First Reformed

Afflictions

         
 

01 June 2018| No Comments on First Reformed     by Sean Chavel

 

Ethan Hawke as a priest with a crisis of conscience, and yet he is supposed to lead the celebration of his church’s upcoming two hundred and fiftieth anniversary. It’s amazing the church still stands since its held together by outside donations, while the modernized Abundant Life Church down the road is the one that’s popular and thriving. I’m thinking at first, how is First Reformed a thriller in the way it has been labeled by the promotional hype machine? I wouldn’t call it a thriller, but as it builds it becomes a drama questioning the values of religion, character study, peer into self-punishment, alarm on environmental decay, and anxiety of the apocalypse that could be coming this century.

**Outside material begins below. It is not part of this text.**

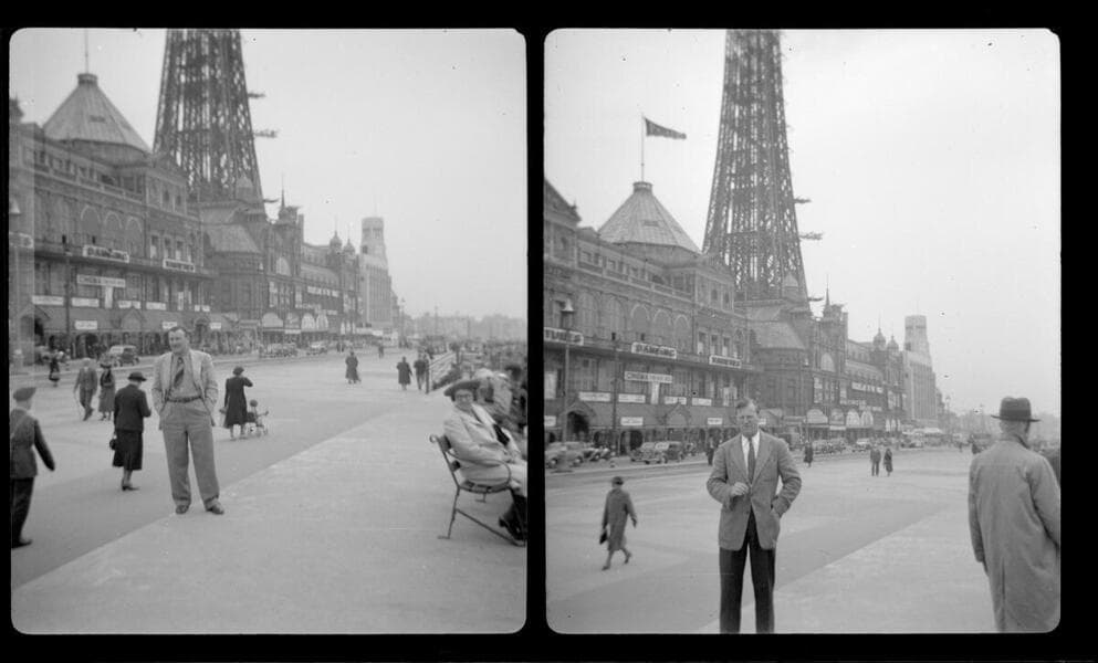 Views of landscapes in Canada and Mexico; Shasta Dam; fields of flowers; Stockmen's Hotel sign; portraits of unidentified individuals; a hotel swimming pool and a lodge-type hotel; views of the yellow Jeepster; farm equipment and an airplane; cows; architectural details; a sculpture of Babe the Blue Ox; and numerous unidentified buildings.

I don’t know what you call it overall. What makes the film suspenseful, to say the least, is the way it keeps you questioning about, scene for scene, where all of it is going. Paul Schrader, four-time screenwriter for Martin Scorsese films and with an abundance of writing-directing credits of his own (“Auto Focus” and “Affliction” are his best), is the intrepid filmmaker behind this. There are some trying scenes (you have to dig around judiciously to pluck out the most meaningful points out of long dialogues). This is still however his best film of Schrader’s in awhile, and one you can’t pass judgment on until your head has stopped spinning and you’ve thought about it for an hour afterwards.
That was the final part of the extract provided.